Rice: Resiliency is the ability of a company to respond to an unexpected disruption and return operations to what they were before the disruption. MIT did a survey in 2003, interviewing mid- to large-size companies to find out how they responded to past disasters and how organizations are responding the new post-Sept. 11 environment.

Companies that worked on improving their responses by learning from past disruptions took actions to design and operate their supply networks to be resilient, as well as secure. This sets them apart from their competitors.

CMI: Given that we’re seeing the frequency of business interruptions increase, what do you expect that the supply chain will resemble?

Rice: We are often asked about the future and what the supply chain should look like and the skills and technology needed to run it. Our Supply Chain Response to Global Terrorism study revealed that companies should be focusing on business continuity planning, creating layers of backup and aggressively training people and making security and resilience a part of company culture.

Companies have improved physical security, such as securing access to corporations, putting in gates and have installing camera systems, although there is still a lack of “deep awareness” of securing extended [computer] networks rather than just their own physical operations. Other basic responses also included installing firewalls and software to detect intrusions and viruses.

CMI: What about more sophisticated strategies?

Rice: More advanced responses include extensive background checks, auditing business partners? information systems and working with industry groups to establish widespread use of industry standards such as radio-frequency identification, biometrics and smart cards.

[But] in creating resilient systems, companies have to remember that technology isn’t the end-all solution. When technology is combined with a great process and people, then great things can happen. Some companies achieve great things with not much dependence on technology.

CMI: How much of this will be government-mandated?

Rice: Companies will have to improve their business continuity plans, because Hurricane Katrina put continuity and disaster planning on the radar for the government and industry both. Companies need to look at what’s possible in terms of disruption and how vulnerable they are.
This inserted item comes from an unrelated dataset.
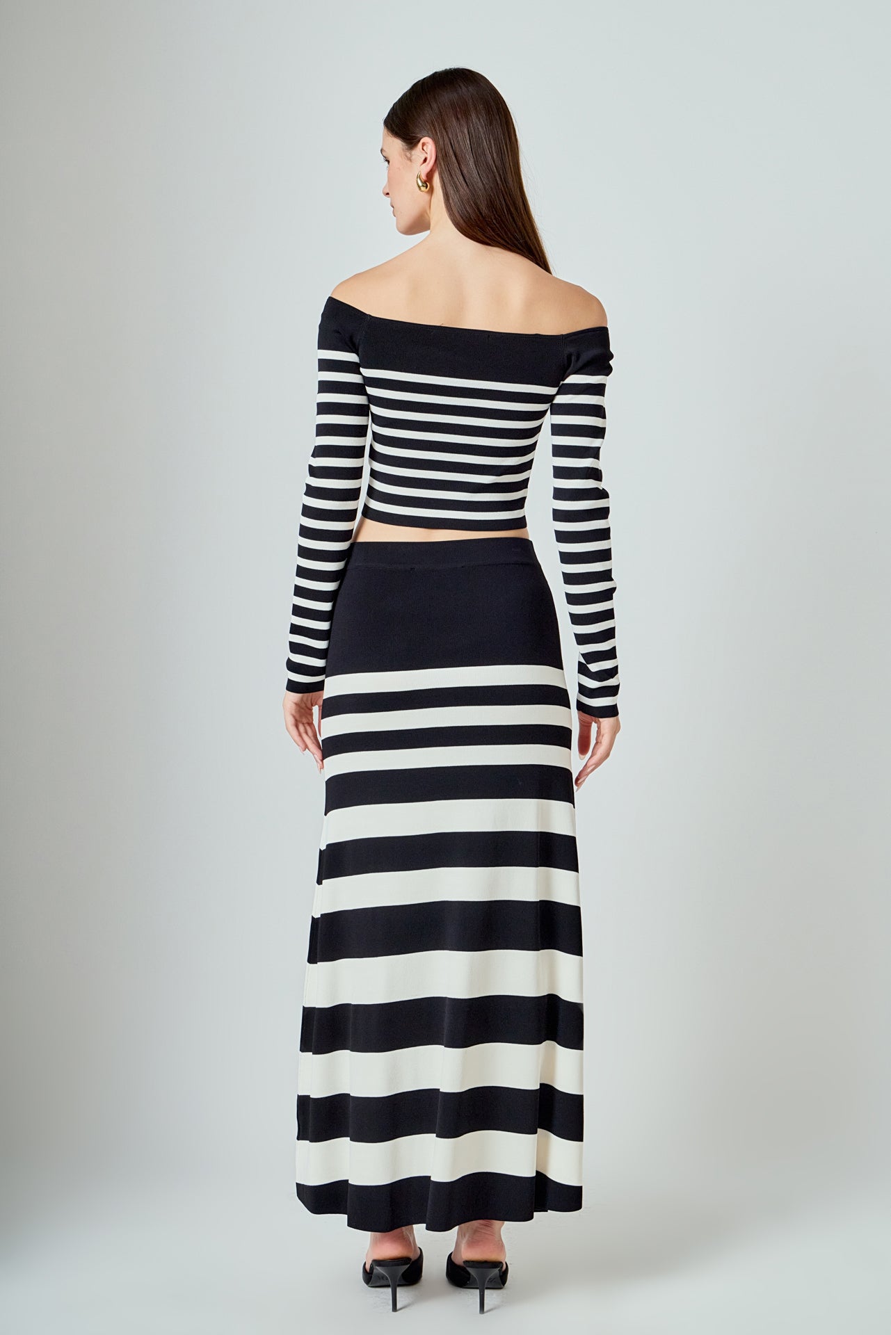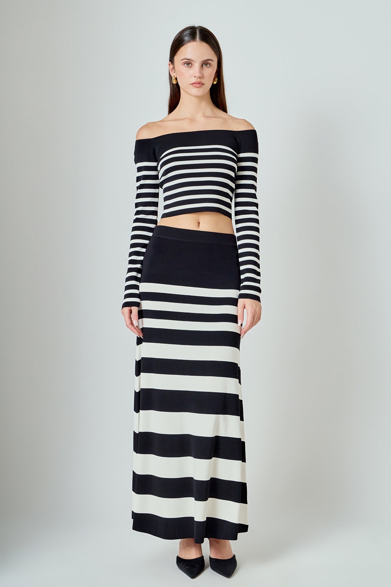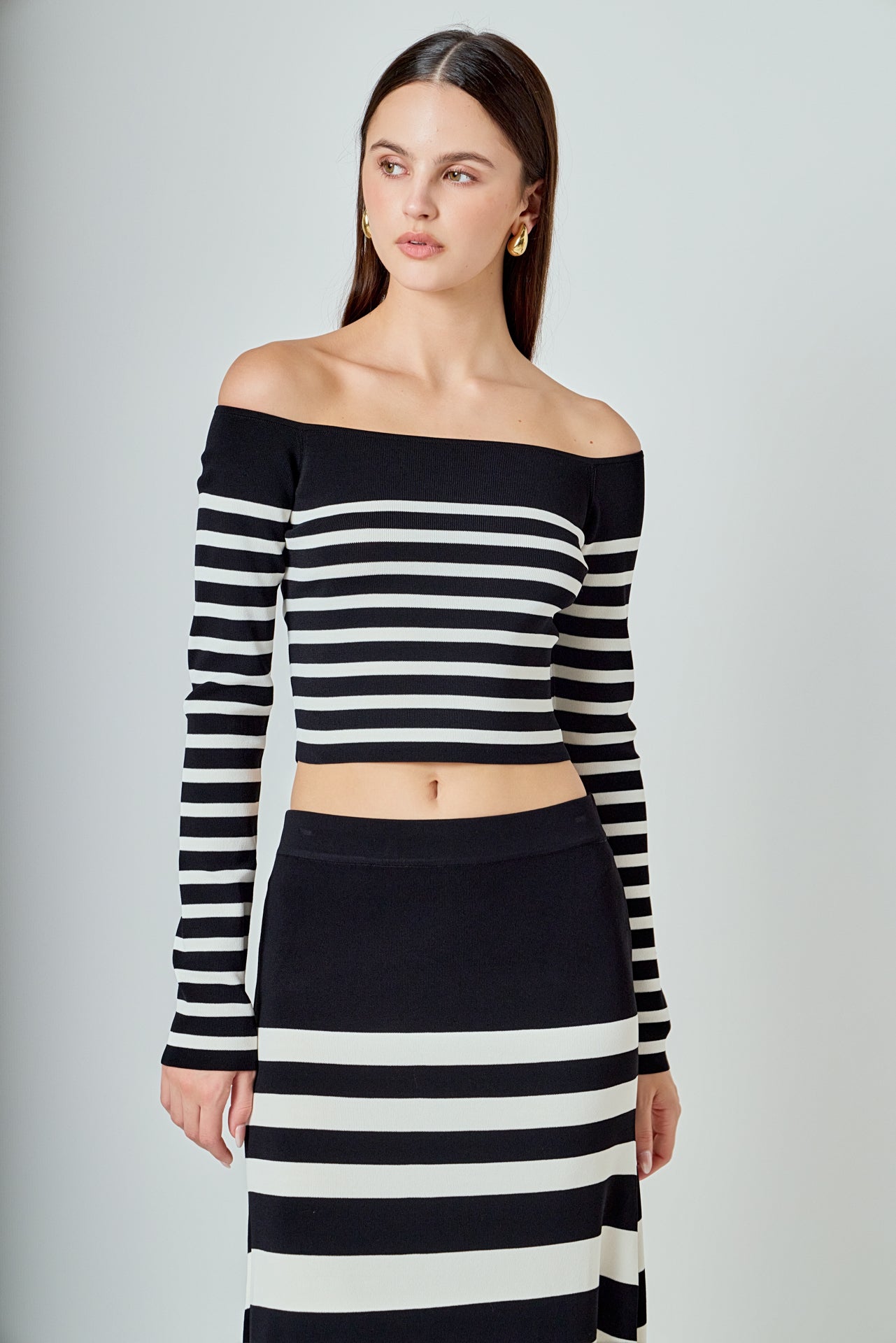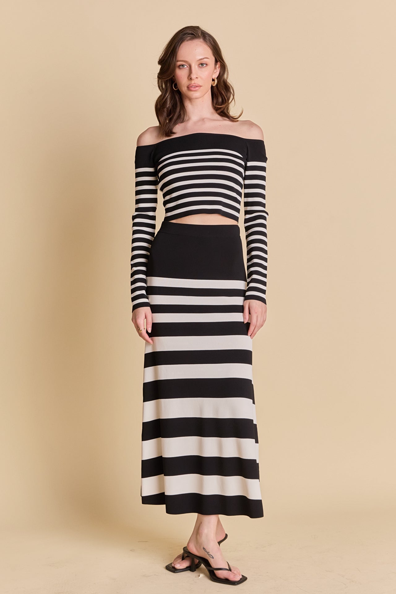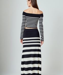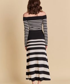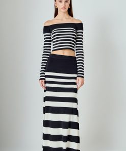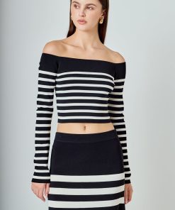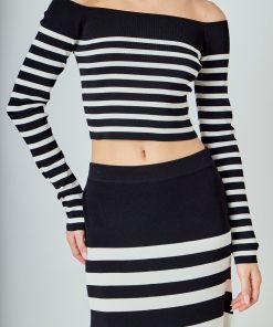 Endless Rose Women’s Striped Knit Off Shoulder Sweater | Black & Cream

Then they have to consider what is needed to create the resilience to keep their supply chain operating.

However, the planning and contingencies need to be balanced [with inventory management]. It would be impossible for firms to justify untold amounts of inventory “just in case” of a disruption.
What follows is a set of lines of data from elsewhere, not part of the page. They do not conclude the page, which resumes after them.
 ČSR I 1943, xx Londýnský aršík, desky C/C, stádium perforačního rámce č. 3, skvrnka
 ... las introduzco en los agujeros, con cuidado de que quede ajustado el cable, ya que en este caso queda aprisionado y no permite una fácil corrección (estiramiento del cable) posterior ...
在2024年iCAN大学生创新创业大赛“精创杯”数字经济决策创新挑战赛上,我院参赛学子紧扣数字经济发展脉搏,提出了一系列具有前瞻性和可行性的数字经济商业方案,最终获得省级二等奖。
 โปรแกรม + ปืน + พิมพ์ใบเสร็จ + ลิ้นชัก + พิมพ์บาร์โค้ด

CMI: But many companies are unwilling to spend money on planning for something that may not happen.

Rice: Some companies have a hard time justifying the investment in improving security and business continuity plans because they are investing to prevent a disruption — when you think about it, a security investment is successful when all disruptions and security breaches are avoided. It’s difficult to show a return on investment with nothing happens.

We need to use other measures to justify investment, such as taking a company-wide view of risk, and what will happen if these measures weren’t taken and a disruption happens. Companies should consider the benefits of risk prevention.
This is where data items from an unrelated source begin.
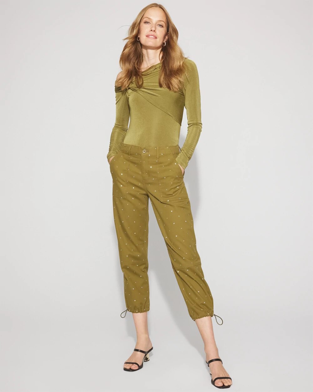Part of our Pret Collection, this relaxed ankle pant has adjustable drawstrings on the cuffs as well as the cargo and patch pockets you covet. Allover silver studs embellish these pants for a hint of shine and added texture. Wear it with our Pret Studded Jacket for a complete look.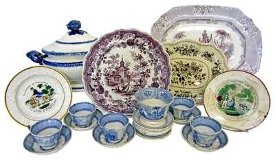 Group of Staffordshire transfer-printed tablewares first half 19th century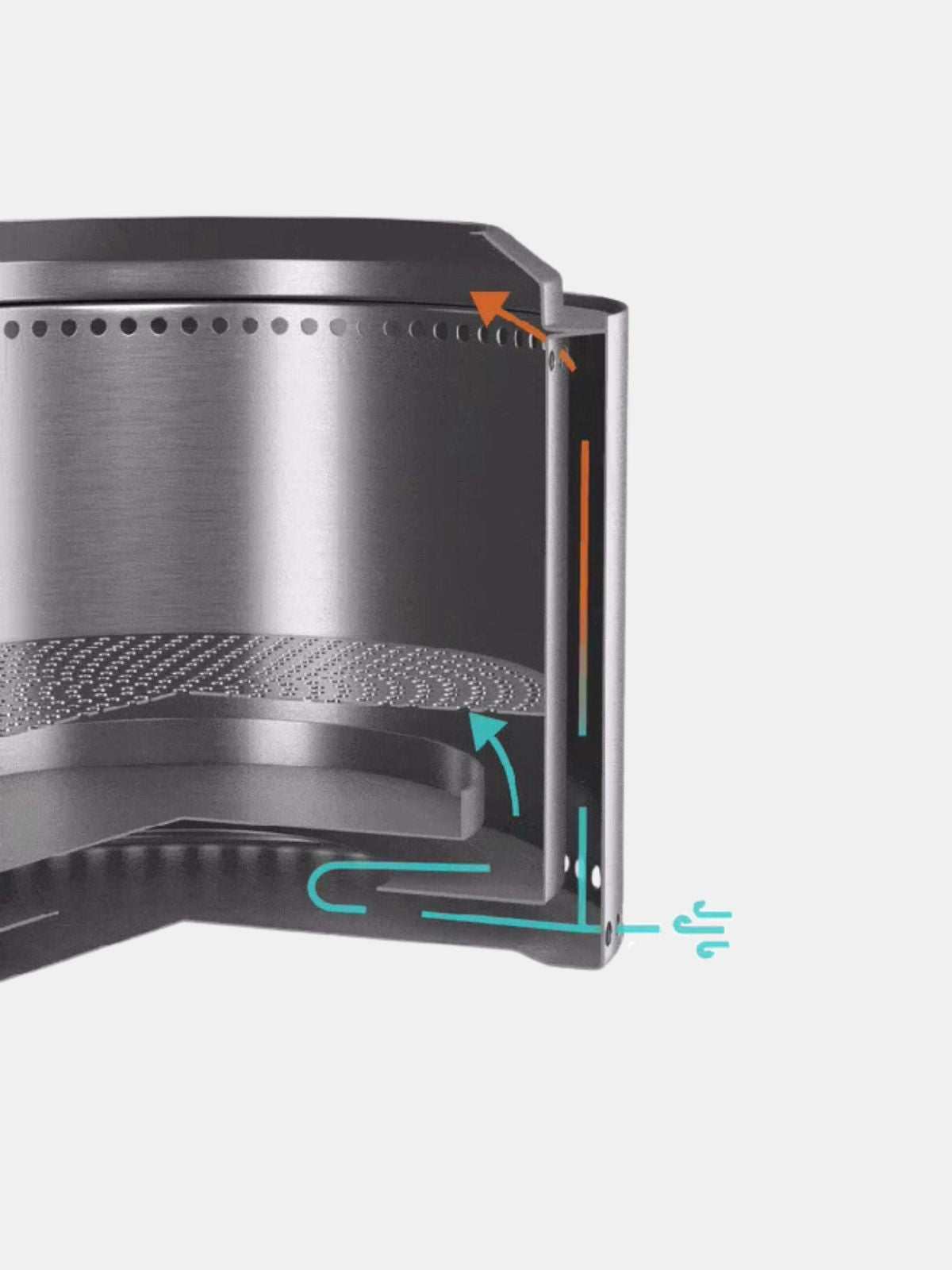 Con un sistema de flujo de aire de 360° y una estructura de doble pared equipada con orificios de ventilación inferiores, garantizamos que el oxígeno alimente el fuego desde abajo, generando una corriente de aire caliente que envuelve el fuego y reduce significativamente la emisión de humo.

For instance, if companies decide to invest in the government’s voluntary program C-TPAT [Customs-Trade Partnership Against Terrorism, Container Security Initiative, Operation Safe Commerce], it would allow them to gain quicker passage through ports. It would also force them to conduct an assessment of how secure their supply chains really are.

CMI: So being flexible offers competitive advantages?

Rice: Planning for disruptions allows companies to be flexible if they are going to respond to events. For instance, one company that uses petrochemicals in their packaging now considers oil prices a determining factor for their packaging material. As oil prices have gone up, so has the price of packaging. The company realized package prices could jump so it decided to spend on redesigning its packaging.

Now they have flexibility to deal with the disruption in raw materials. Companies don’t have to wait for a disruption to be prepared. The peculiar thing is that the time to react is before a disruption occurs. If you wait until there is a need to be flexible, it’s usually too late.